* **REQUIRED ACTION**: The material below should be copied line for line, please, with pictures omitted.

* **AVAILABLE DATA**:
:::
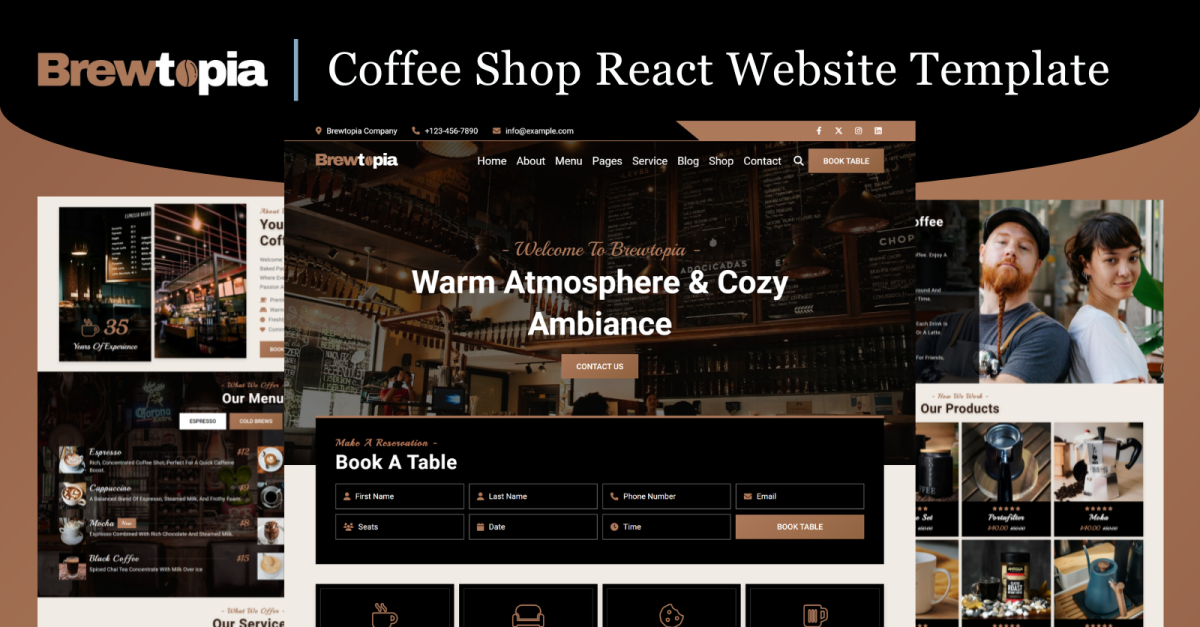 Brewtopia is een moderne en stijlvolle websitetemplate op basis van React, speciaal ontworpen voor koffiebars, cafés en speciaalzaken in dranken. Gebouwd met React.js, de nieuwste JavaScript- standaarden en CSS3, biedt het razendsnelle prestaties, een overzichtelijke lay-out en een volledig responsieve lay-out die er op elk apparaat perfect uitziet. Of u nu uw menu presenteert, speciale brouwsels uitlicht, klantrecensies deelt of online reserveringen aanneemt, Brewtopia biedt een verfijnde digitale ervaring die de online aanwezigheid van uw café vergroot en uw bedrijf laat groeien.
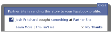 At the point of sale on the third party site, the user will see a “toast” popup asking them if they approve the sale information being included in their Facebook News Feed:
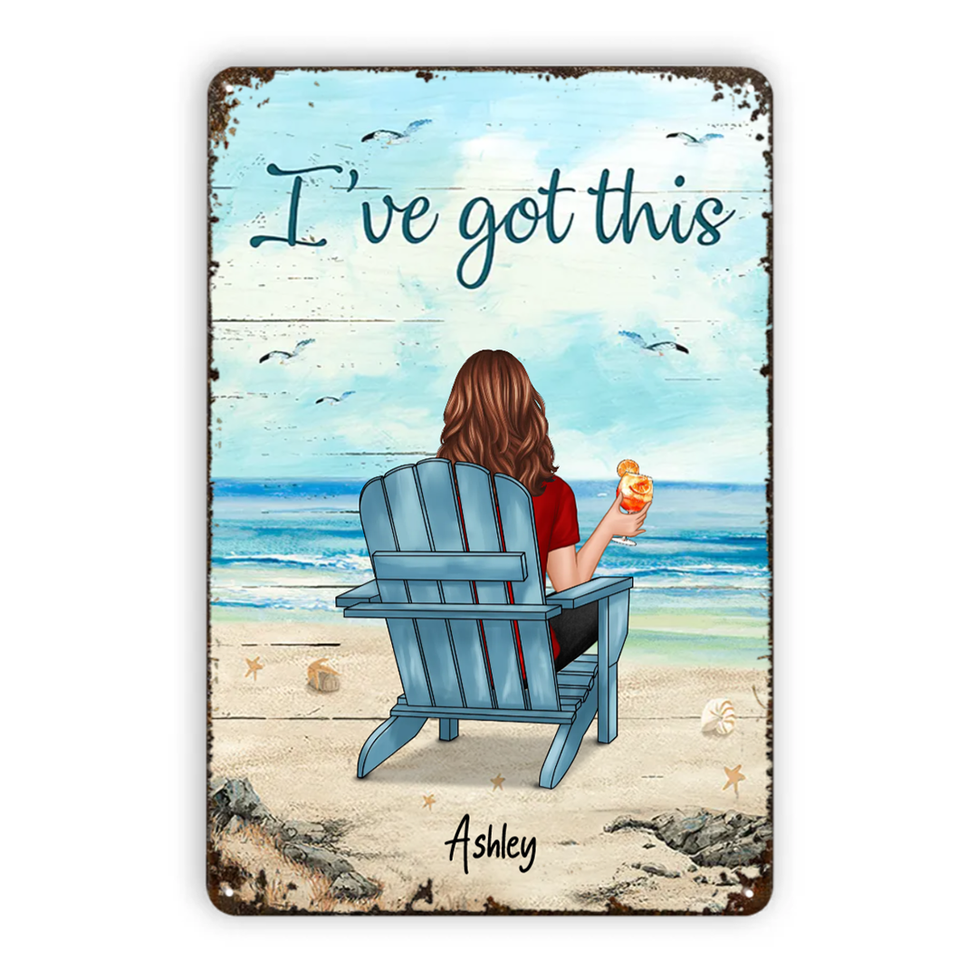 Back View Man Woman Sitting Beach Landscape Personalized Vertical Metal Signs
:::
* **ANSWER TO THE PROBLEM**:
 Brewtopia is een moderne en stijlvolle websitetemplate op basis van React, speciaal ontworpen voor koffiebars, cafés en speciaalzaken in dranken. Gebouwd met React.js, de nieuwste JavaScript- standaarden en CSS3, biedt het razendsnelle prestaties, een overzichtelijke lay-out en een volledig responsieve lay-out die er op elk apparaat perfect uitziet. Of u nu uw menu presenteert, speciale brouwsels uitlicht, klantrecensies deelt of online reserveringen aanneemt, Brewtopia biedt een verfijnde digitale ervaring die de online aanwezigheid van uw café vergroot en uw bedrijf laat groeien.
 At the point of sale on the third party site, the user will see a “toast” popup asking them if they approve the sale information being included in their Facebook News Feed:
 Back View Man Woman Sitting Beach Landscape Personalized Vertical Metal Signs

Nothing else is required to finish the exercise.